Edsel learned of group of about 345 men and women from 13 nations (about 30 percent Americans and 20 percent Britons) who served in the Monuments, Fine Arts and Archives program of the Allied armies -- also known as the Monuments Men.
Many of these people were already serving in the military and asked to be transferred, Edsel said. Others were museum directors, curators, educators or just "people of good will" who wanted to see works of art protected.
In France alone, tens of thousands of works of art were confiscated by the Nazis from Jewish-owned art collections, according to the U.S. National Archives & Records Administration. In fact, "the first shipment of confiscated art objects sent to Germany from Paris required 30 rail cars. Among the first 53 paintings shipped to Hitler was Vermeer's 'Astronomer' from the Edouard de Rothschild collection, (which) today is in the Musée de Louvre in Paris," according to the agency.
Many of the Monuments Men have since died; those still living are in their 80s and 90s.
"Their service to the country is over, but their mission is not finished," Edsel said.
He founded the nonprofit organization Monuments Men Foundation for the Preservation of Art. "We're trying to continue their mission and preserve their legacy," Edsel said. In 2007, the foundation was awarded a National Humanities Medal by President Bush.
Also in 2007, Edsel worked with Texas state Rep. Kay Granger of Fort Worth to develop a Congressional Resolution formally honoring the Monuments Men.
"On June 6, 2007, the 63rd anniversary of D-Day, the 'Monuments Men' were recognized for their heroic and valiant efforts to locate, identify, catalogue, restore and repatriate priceless works of art and irreplaceable cultural artifacts during and after World War II," according to a press release about the resolution.
Edsel also collaborated with Lynn Nicholas, author of the book "The Rape of Europa," to make a documentary film by that name about the theft of European art by the Nazis. The film received critical acclaim.
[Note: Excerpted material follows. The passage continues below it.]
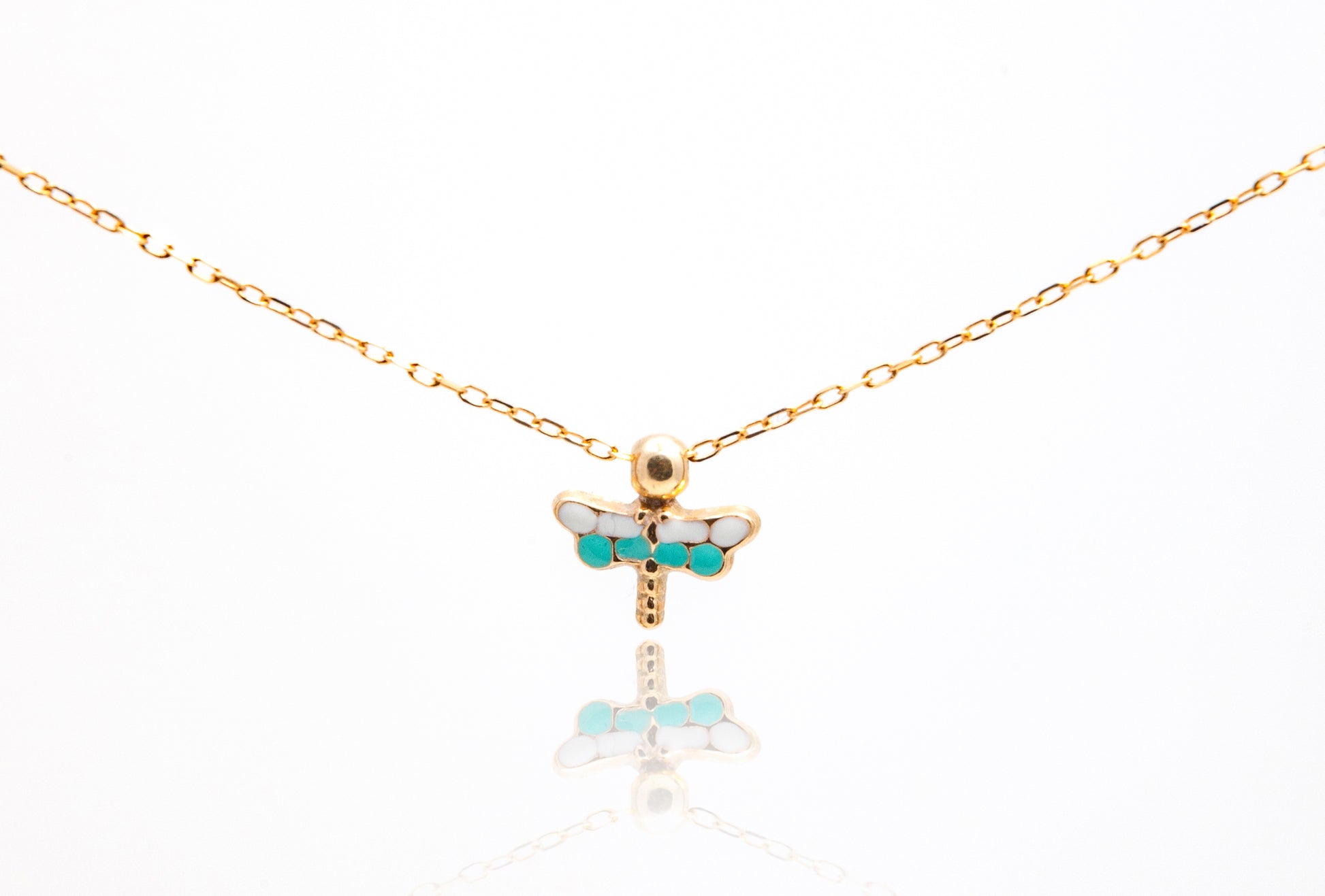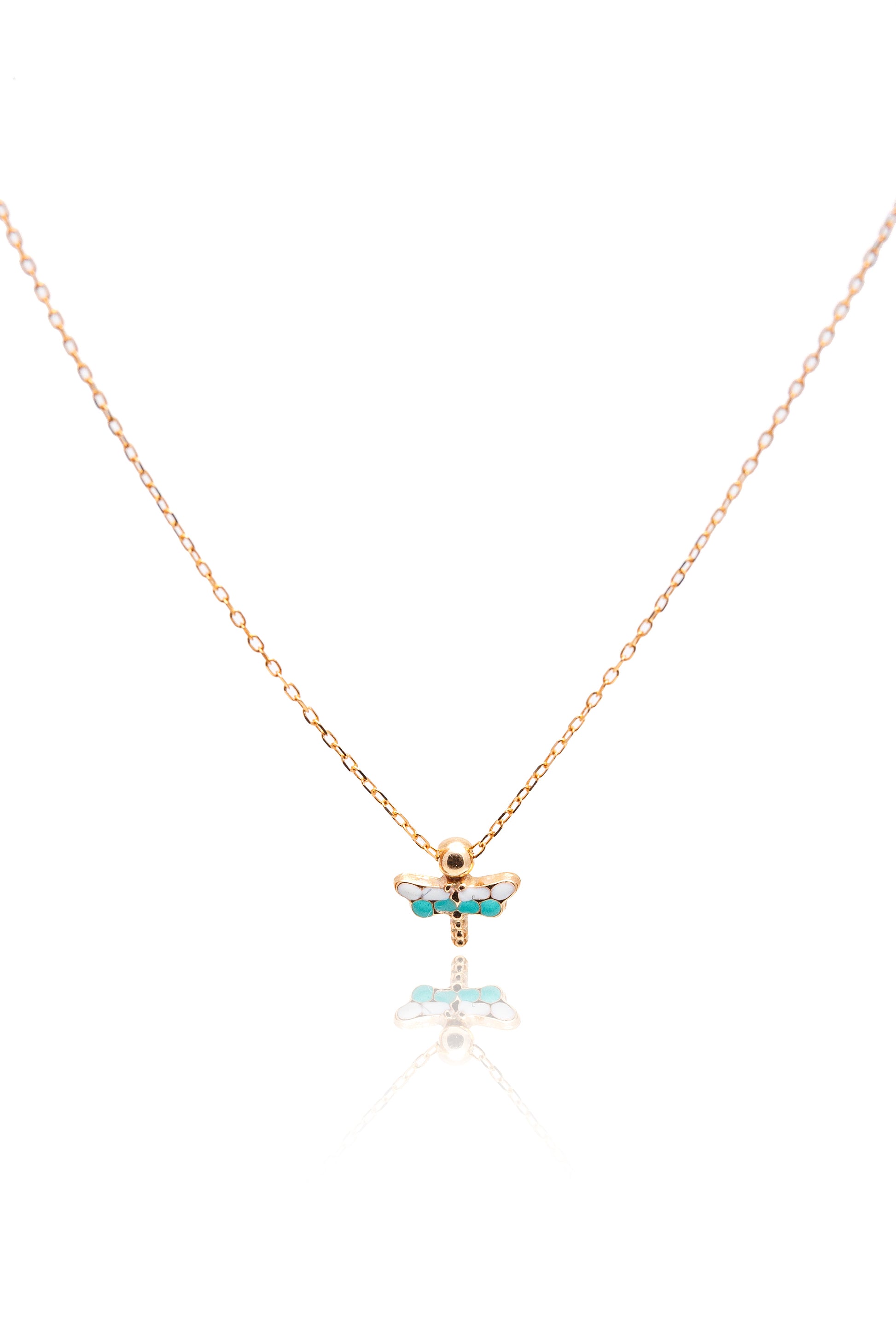 Lant cu pandantiv libelula din aur galben de 14k pentru copii

A highlight of Edsel's work has been the discovery of two leather-bound photo albums that documented art that had been looted by the Nazis during the war. They were intended to keep Hitler appraised of their work and let him pick out pieces for his Fürher Museum.
Edsel worked with the heirs of the albums to acquire them and donate them to the National Archives. Several dozen such albums are in existence.
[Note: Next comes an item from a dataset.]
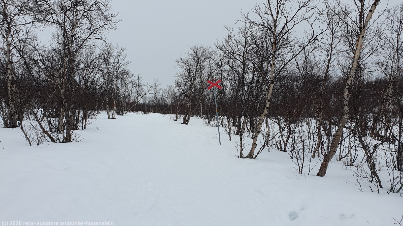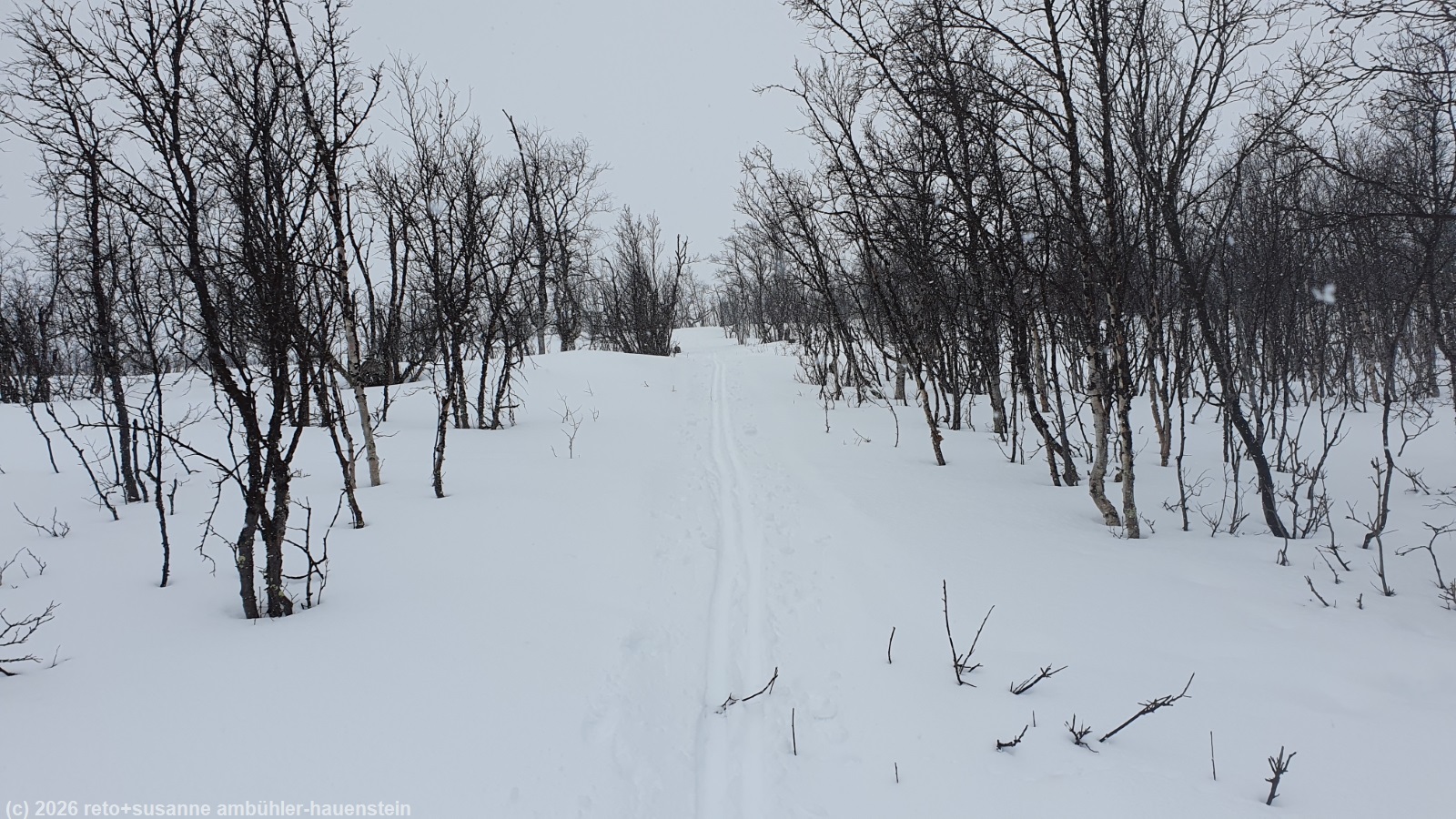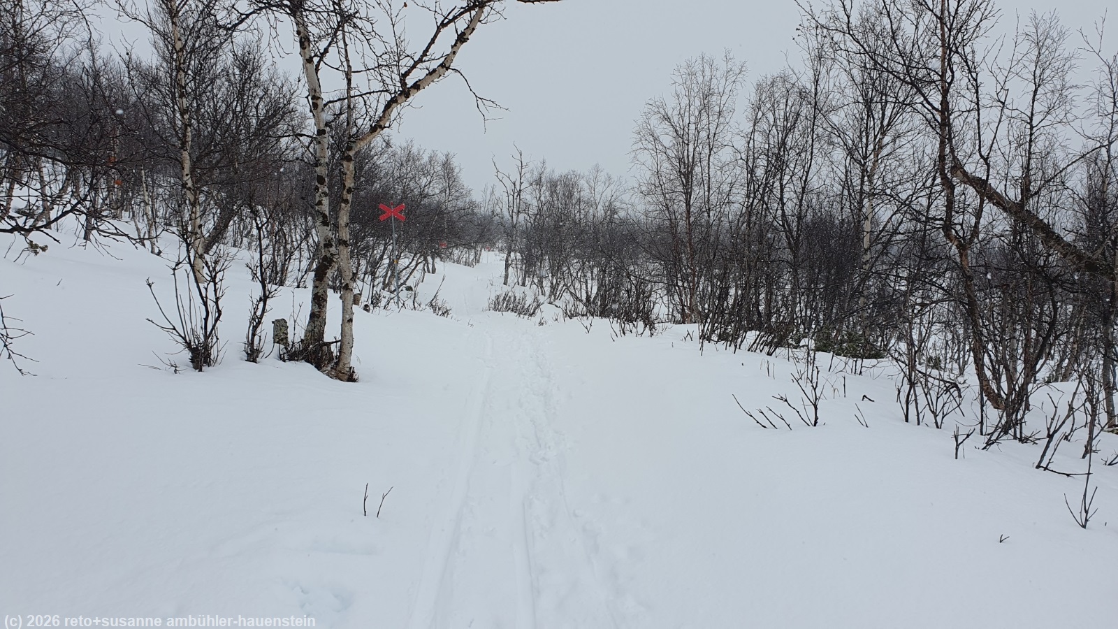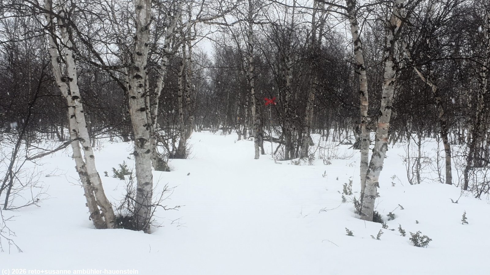 als wir kurz nach 8 uhr aufstehen ist der himmel trüb und es fällt schneeregen. beim frühstück ist das restaurant auch heute gut besucht. wir geniessen das reichhaltige buffet. zurück auf dem zimmer beraten wir, welche tour wir heute machen wollen. susanne meint, wenn wir etwas in die höhe gehen, sollte es zumindest schneien und nicht regnen. wir nehmen eine ähnliche runde in angriff, wie wir sie schon im winter 2022 und im sommer 2023 gelaufen sind. der winterwanderweg ist gut zu erkennen, es gibt auch eine skispur, der wir folgen können. der schneefall nimmt eher zu, aber die schneemenge ist an manchen stellen bedenklich gering. susanne hat die fellstreifen von anfang an montiert. als es etwas steiler wird, montiere auch ich die fellstreifen. die skis bieten extrem guten halt. ich könnte selbst die steilsten stellen einfach gerade hinaufsteigen, aber es ist so steil, dass ich nicht mehr stehen kann und die skis trotzdem querstellen muss. nach einigen kilometer kommen uns zwei junge frauen zu fuss entgegen. sie haben mit ihren fussstapfen die schöne spur ziemlich zertrampelt, das ist etwas schade. nach knapp 5 km befinden wir uns auf einem kleinen zwischengifpel auf 600 m.ü.m. ich bin während dem aufstieg ganz schön ins schwitzen gekommen, obwohl ich mich heute noch etwas leichter angezogen habe als gestern. nach einer kleinen abfahrt erreichen wir eine weggabelung, bei der eine alternative route zurück nach abisko beginnt. da noch nicht einmal mittag ist, entscheiden wir uns, noch ein stück weiter zu laufen und dann wieder hierher zurück zu kommen. wir befinden uns nun über der baumgrenze und folgen den roten kreuzen richtung kårsavaggestugan. bis zur hütte ist es leider zu weit für einen tagesausflug, denn mit den waldskis kommen wir kaum schneller voran als zu fuss. da wo der weg richtung njulla abzweigt, kehren wir wieder um. kurz vor der oben erwähnten verzweigung setzen wir uns unter eine gruppe birken und essen zu mittag.

El Pasoan Alyn Brown Morton, a former commissioner on the Texas Commission for the Arts, first heard Edsel speak in Austin at a private event and said she was excited to hear he was coming to El Paso.
"I'm really looking forward to hearing him speak again. I want to hear more about the project. For example, I want to know how the Monuments Men were able to get together and hide these works of art. It's just amazing," she said.
Brown Morton said she has told many people about the work of the Monuments Men and has given Edsel's book to several people as gifts.
Edsel said he's excited about his trip to El Paso and the opportunity to spread his message.
"I've gone through a tremendous sacrifice to get this story out. I've spent my life savings doing this," he said.
He's working on an educational program and DVD about the Monuments Men.
"I want to put that in schools and libraries everywhere," he said. "I know I want my kids to know that story and the heroic aspect of World War II.
"It's not about beating people over the head with this; it's just about telling the amazing stories of these people."